▸ **Assigned task**
Among the entries below, only the lines from the one with "Садимся тазом на" through the one with "本イベントではスポーツによる地域の活性化について、馬場雄基 福島市長、関塚隆 シニアアドバイザー、浅沼芳征氏、金子與志幸" are to be retyped, exactly and without pictures.

▸ **Listed records**
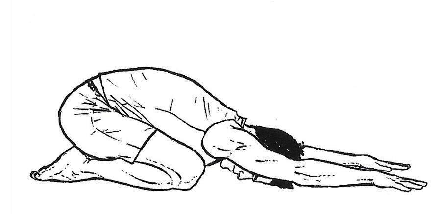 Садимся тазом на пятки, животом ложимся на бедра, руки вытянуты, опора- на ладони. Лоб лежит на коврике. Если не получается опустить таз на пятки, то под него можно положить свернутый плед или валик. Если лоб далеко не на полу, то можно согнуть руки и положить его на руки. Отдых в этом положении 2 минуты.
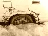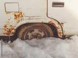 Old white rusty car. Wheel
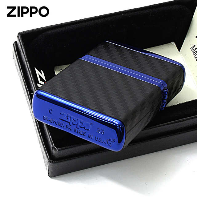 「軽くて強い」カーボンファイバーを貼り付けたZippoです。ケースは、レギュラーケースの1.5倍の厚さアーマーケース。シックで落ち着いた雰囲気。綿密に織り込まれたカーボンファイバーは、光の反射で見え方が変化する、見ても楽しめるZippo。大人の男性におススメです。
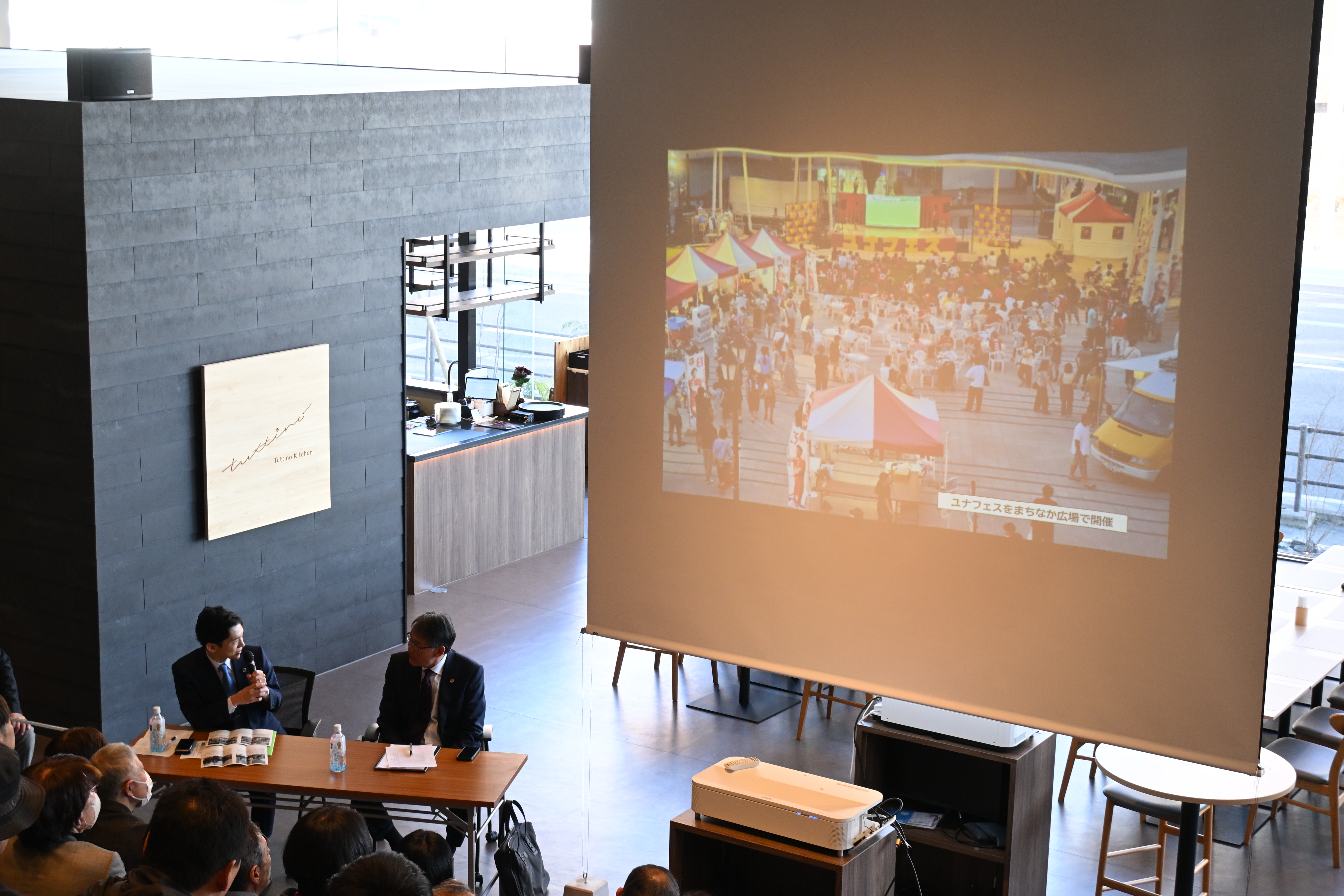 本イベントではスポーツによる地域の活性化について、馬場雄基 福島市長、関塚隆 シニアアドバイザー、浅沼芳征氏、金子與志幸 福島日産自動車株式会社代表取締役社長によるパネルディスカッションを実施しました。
...
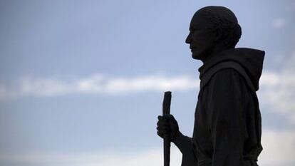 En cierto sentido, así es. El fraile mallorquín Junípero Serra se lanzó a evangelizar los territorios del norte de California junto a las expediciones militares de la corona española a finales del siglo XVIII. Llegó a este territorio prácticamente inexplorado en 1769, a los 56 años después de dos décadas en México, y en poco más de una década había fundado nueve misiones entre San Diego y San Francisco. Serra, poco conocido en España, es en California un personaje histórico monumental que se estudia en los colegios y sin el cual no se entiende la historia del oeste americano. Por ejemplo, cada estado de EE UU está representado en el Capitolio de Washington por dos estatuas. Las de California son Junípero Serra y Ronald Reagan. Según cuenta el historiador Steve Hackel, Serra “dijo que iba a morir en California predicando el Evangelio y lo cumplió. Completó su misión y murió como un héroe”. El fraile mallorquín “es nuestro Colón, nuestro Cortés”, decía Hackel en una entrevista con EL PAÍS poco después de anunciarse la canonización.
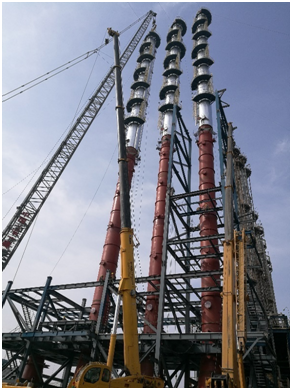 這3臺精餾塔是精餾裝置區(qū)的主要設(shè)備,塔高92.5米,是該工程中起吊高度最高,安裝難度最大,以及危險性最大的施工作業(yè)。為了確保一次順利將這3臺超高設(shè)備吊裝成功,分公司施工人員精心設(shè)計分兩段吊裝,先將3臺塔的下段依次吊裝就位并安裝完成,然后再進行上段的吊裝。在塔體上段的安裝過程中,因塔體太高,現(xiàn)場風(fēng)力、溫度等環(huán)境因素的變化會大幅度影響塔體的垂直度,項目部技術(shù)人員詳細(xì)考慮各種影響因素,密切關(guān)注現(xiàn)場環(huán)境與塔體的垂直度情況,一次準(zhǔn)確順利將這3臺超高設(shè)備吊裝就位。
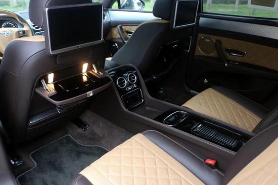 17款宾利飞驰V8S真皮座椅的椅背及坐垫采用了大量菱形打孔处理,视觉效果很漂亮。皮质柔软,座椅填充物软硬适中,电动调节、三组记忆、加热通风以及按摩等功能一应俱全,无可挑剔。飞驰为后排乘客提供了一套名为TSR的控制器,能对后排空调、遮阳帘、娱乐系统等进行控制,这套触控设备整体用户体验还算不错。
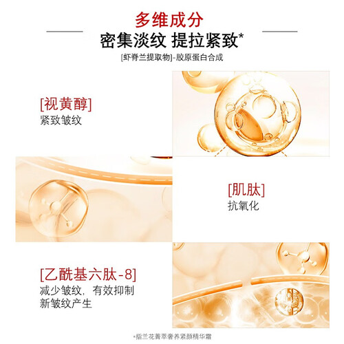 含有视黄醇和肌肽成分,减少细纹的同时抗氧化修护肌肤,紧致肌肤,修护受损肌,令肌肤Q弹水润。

▸ **Answer to this task**
 Садимся тазом на пятки, животом ложимся на бедра, руки вытянуты, опора- на ладони. Лоб лежит на коврике. Если не получается опустить таз на пятки, то под него можно положить свернутый плед или валик. Если лоб далеко не на полу, то можно согнуть руки и положить его на руки. Отдых в этом положении 2 минуты.
 Old white rusty car. Wheel
 「軽くて強い」カーボンファイバーを貼り付けたZippoです。ケースは、レギュラーケースの1.5倍の厚さアーマーケース。シックで落ち着いた雰囲気。綿密に織り込まれたカーボンファイバーは、光の反射で見え方が変化する、見ても楽しめるZippo。大人の男性におススメです。
 本イベントではスポーツによる地域の活性化について、馬場雄基 福島市長、関塚隆 シニアアドバイザー、浅沼芳征氏、金子與志幸 福島日産自動車株式会社代表取締役社長によるパネルディスカッションを実施しました。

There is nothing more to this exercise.